Elle se relevait, secouait sa jupe rose, s’éloignait. Le Noir, visiblement fasciné, tenta un effort pour se relever. Mais il avait perdu trop de sang et l’effort fut au-dessus de ses forces si impressionnantes, pourtant, tout à l’heure. Il se laissa retomber sur le pont avec un gémissement de douleur et n’opposa aucune résistance quand Pongo et trois hommes d’équipage l’emportèrent pour l’installer plus confortablement. Gilles suivit. Ce géant, sans doute encore entièrement sauvage qui avait voulu mourir pour une femme, l’intriguait et d’une certaine façon l’attirait et quand on l’eut installé sur un lit improvisé fait de deux paillasses, d’un drap, d’une couverture et d’un oreiller – aucun hamac n’était assez grand pour contenir cette immense carcasse – il tenta d’entrer en contact avec lui.

— J’espère que tu retrouveras bientôt la santé, dit-il. Tu n’as rien à craindre sur ce bateau où il n’y a que des hommes libres. Nous te soignerons du mieux que nous pourrons.
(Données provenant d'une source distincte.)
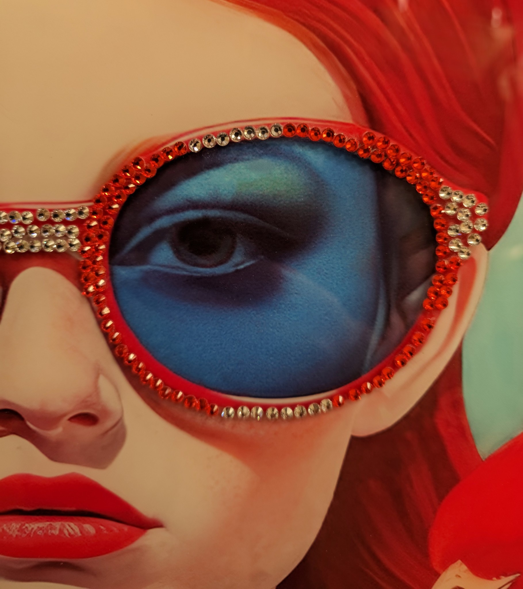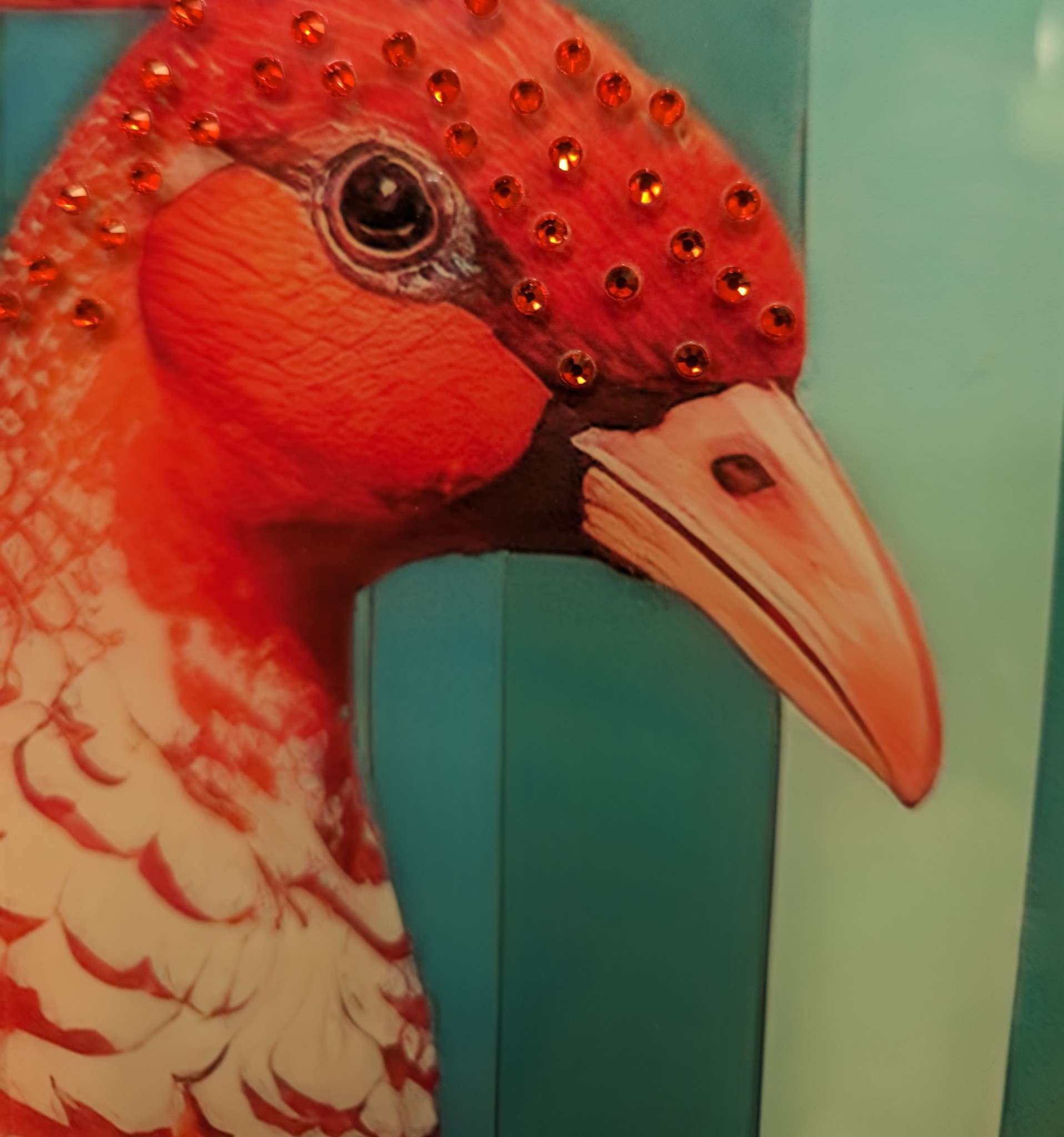 Bent u op zoek naar een hyper modern glasschilderij met verschillende strass accenten? Dan is dit model schilderij van glas met een vrouwelijk persoon in vele verschillende kleuren zeker iets voor u. Dit hoge glasschilderij heeft zeer mooie accenten met steentjes op de bril en de oranje vogel, is zorgvuldig gemaakt met de mooiste kleurcomposities en met veel aandacht voor de finishing touch!
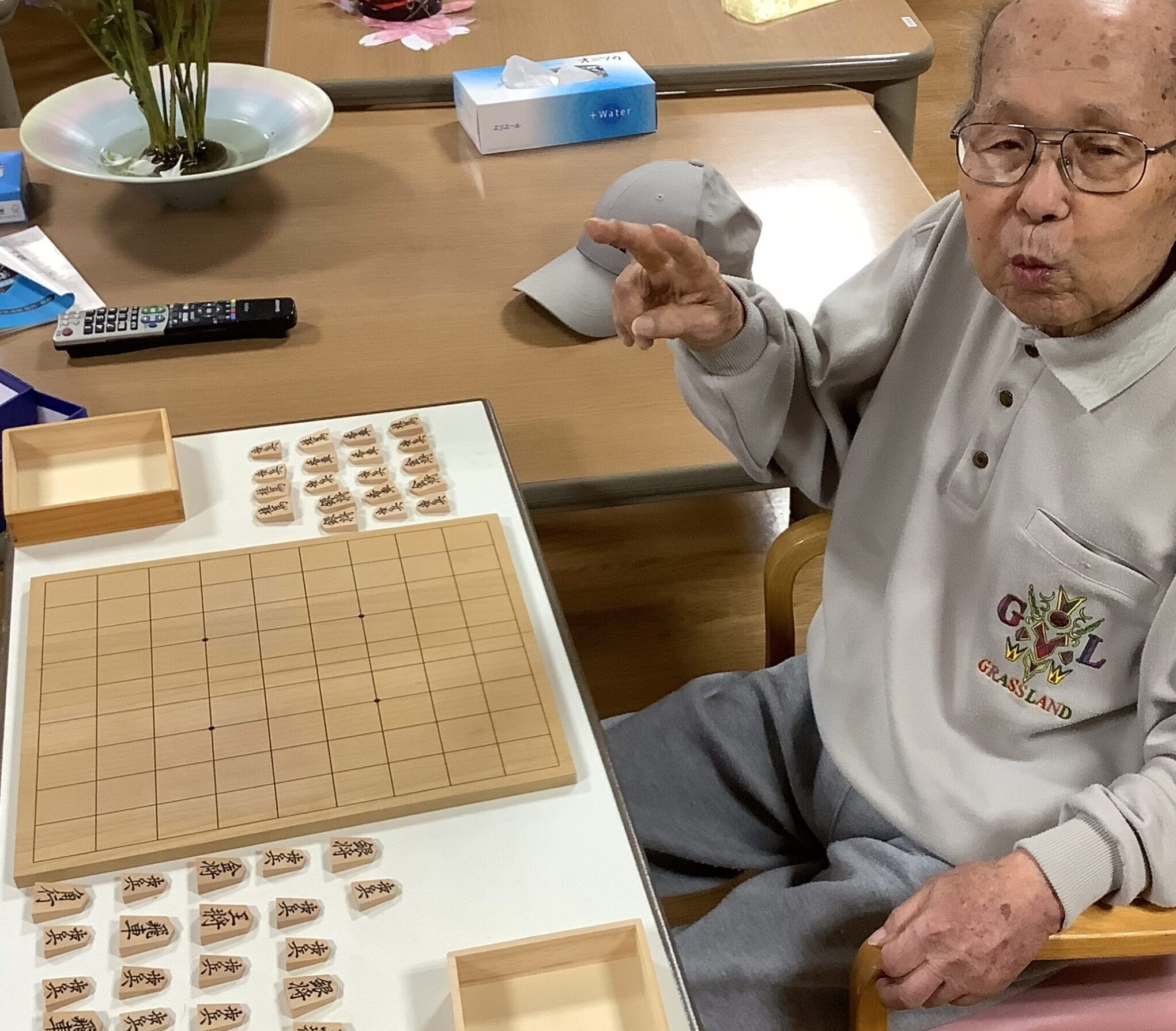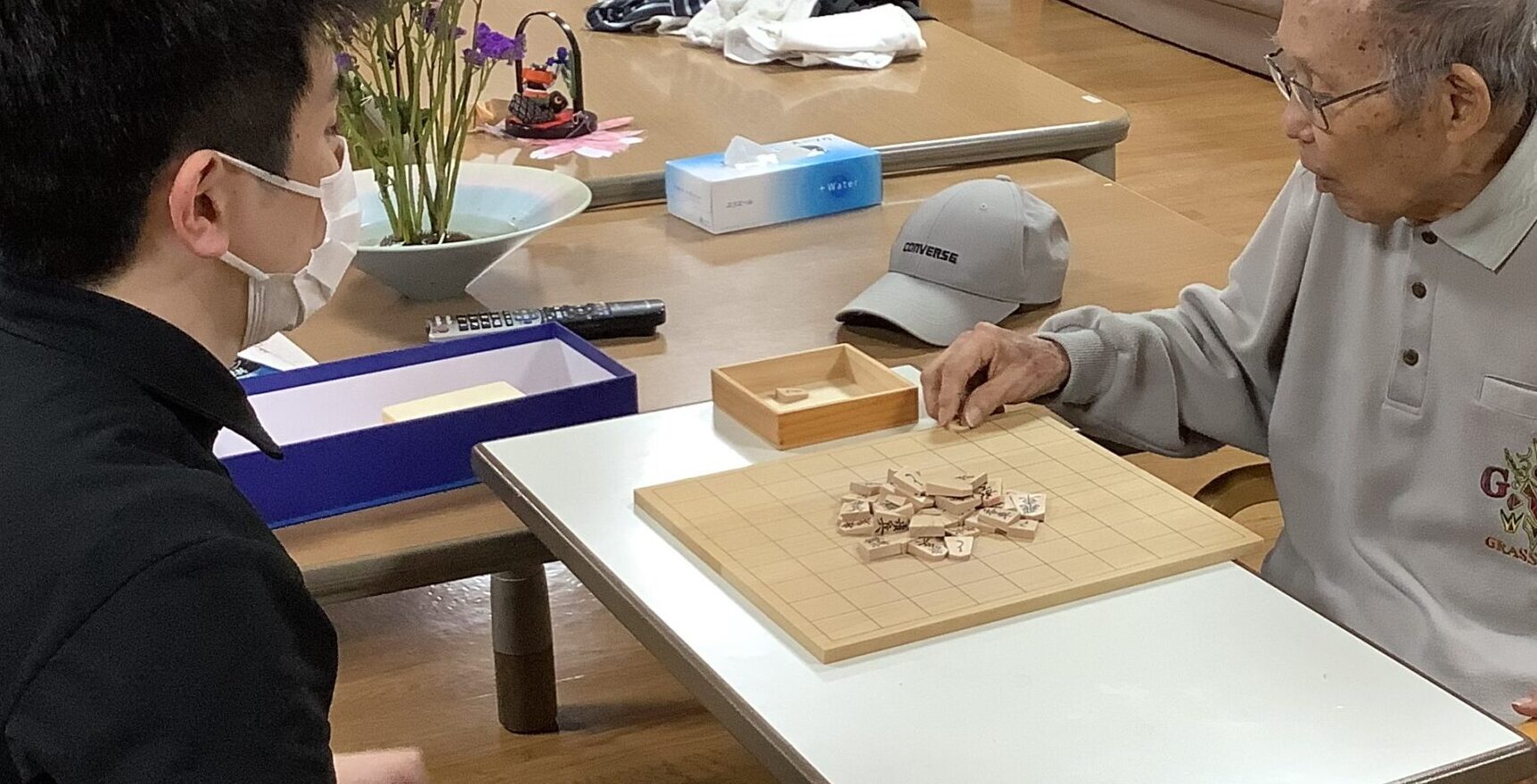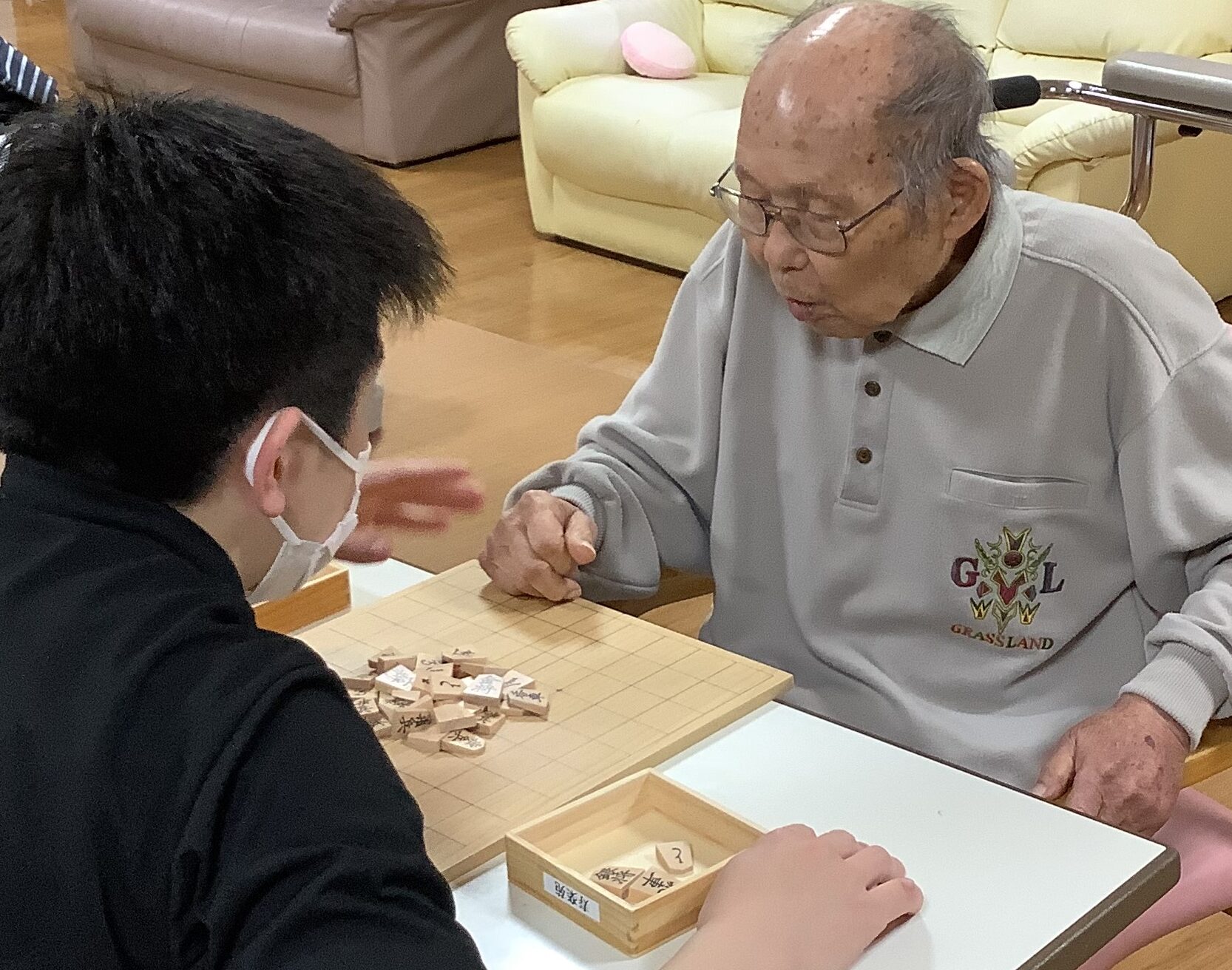 ご利用者様と将棋倒しで真剣勝負しました。

L’homme avait refermé les yeux et son visage immobile semblait taillé dans le basalte sans que rien ne pût laisser voir qu’il avait compris ce qu’on venait de lui dire. Tournemine répéta alors ces quelques mots en anglais puis en espagnol sans obtenir plus de résultat.

— J’ai bien peur, dit le capitaine Malavoine qui était descendu lui aussi, que vous ne perdiez votre temps. Cet homme ne doit comprendre aucune langue connue des chrétiens. Vu sa taille, ce garçon peut être un Congo, un Bambara du Niger ou un Arada de la Côte des Esclaves. De toute façon, il doit venir tout droit d’un quelconque village perdu dans la brousse où l’on ne pratique guère le langage des Blancs. Peut-être aurions-nous une chance avec l’arabe.

Et, sous l’œil un peu surpris de Gilles, Malavoine répéta ses paroles dans la langue du Prophète puis, pour faire bonne mesure, en portugais, mais l’homme ne réagit pas davantage.

— Lui besoin dormir ! intervint Pongo. Moi donner ce qu’il faut.

Laissant l’Indien à la tâche qu’il s’était lui-même donnée, Tournemine et le capitaine remontèrent sur le pont et firent quelques pas ensemble. Le vent s’était levé et le navire portant à présent toute sa toile avait repris sa course vers le sud dans le soyeux froissement des vagues sur sa coque.

Gilles laissa un instant la brise caresser son visage avec la joie de celui qui s’éveille et retrouve la lumière après un cauchemar. Il était heureux d’avoir pu sauver ce Noir auquel mentalement il avait déjà donné le nom de Moïse puisqu’il n’était pas possible de converser avec lui et d’apprendre son véritable nom. Il voyait là une sorte de signe du Ciel à la veille du jour où lui, combattant de la Liberté, il allait entrer en possession d’une plantation sur laquelle peinaient, et souffraient sans doute, quelque deux cents esclaves, frères de couleur du géant.